Task data synced from cloud storage is not stored in Label Studio. Instead, the data is accessed using a URL. You can also secure access to cloud storage using cloud storage credentials. For details, see Secure access to cloud storage.
Source storage permissions
If you enable the “Treat every bucket object as a source file” option, Label Studio backend will only need LIST permissions and won’t download any data from your buckets.
If you disable this option in your storage settings, Label Studio backend will require GET permissions to read JSON files and convert them to Label Studio tasks.
When your users access labeling, the backend will attempt to resolve URI (e.g., s3://) to URL (https://) links. URLs will be returned to the frontend and loaded by the user’s browser. To load these URLs, the browser will require HEAD and GET permissions from your Cloud Storage. The HEAD request is made at the beginning and allows the browser to determine the size of the audio, video, or other files. The browser then makes a GET request to retrieve the file body.
Target storage
When annotators click Submit or Update while labeling tasks, Label Studio saves annotations in the Label Studio database.

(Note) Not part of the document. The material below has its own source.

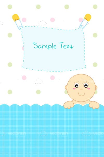 Check out this adorable vector graphic design with baby theme! It features an abstract smiling baby sneaking out of his blue crib with grid pattern and wavy border. Design includes a pastel dots pattern background with a blue sheet with sample text on it, held to the background by two safety pins. A design ideal for baby announcement themes, cards, invitations, and more. Get it for free in .EPS format right now!

If you configure target storage, annotations are sent to target storage after you click Sync for the configured target storage connection. The target storage receives a JSON-formatted export of each annotation. See Label Studio JSON format of annotated tasks for details about how exported tasks appear in target storage.
You can also delete annotations in target storage when they are deleted in Label Studio. See Set up target storage connection in the Label Studio UI for more details.
Target storage permissions
To use this type of storage, you must have PUT permission, and DELETE permission is optional.
Amazon S3
Connect your Amazon S3 bucket to Label Studio to retrieve labeling tasks or store completed annotations.
For details about how Label Studio secures access to cloud storage, see Secure access to cloud storage.
Configure access to your S3 bucket
Before you set up your S3 bucket or buckets with Label Studio, configure access and permissions. These steps assume that you’re using the same AWS role to manage both source and target storage with Label Studio. If you only use S3 for source storage, Label Studio does not need PUT access to the bucket.
- Enable programmatic access to your bucket. See the Amazon Boto3 configuration documentation for more on how to set up access to your S3 bucket.
note
A session token is only required in case of temporary security credentials. See the AWS Identity and Access Management documentation on Requesting temporary security credentials.
- Assign the following role policy to an account you set up to retrieve source tasks and store annotations in S3, replacing
<your_bucket_name>
with your bucket name:{ "Version": "2012-10-17", "Statement": [ { "Sid": "VisualEditor1", "Effect": "Allow", "Action": [ "s3:ListBucket", "s3:GetObject", "s3:PutObject", "s3:DeleteObject" ], "Resource": [ "arn:aws:s3:::<your_bucket_name>", "arn:aws:s3:::<your_bucket_name>/*" ] } ] }
note
"s3:PutObject"
is only needed for target storage connections, and "s3:DeleteObject"
is only needed for target storage connections in Label Studio Enterprise where you want to allow deleted annotations in Label Studio to also be deleted in the target S3 bucket.
- Set up cross-origin resource sharing (CORS) access to your bucket, using a policy that allows GET access from the same host name as your Label Studio deployment. See Configuring cross-origin resource sharing (CORS) in the Amazon S3 User Guide. Use or modify the following example:
[ { "AllowedHeaders": [ "*" ], "AllowedMethods": [ "GET" ], "AllowedOrigins": [ "*" ], "ExposeHeaders": [ "x-amz-server-side-encryption", "x-amz-request-id", "x-amz-id-2" ], "MaxAgeSeconds": 3000 } ]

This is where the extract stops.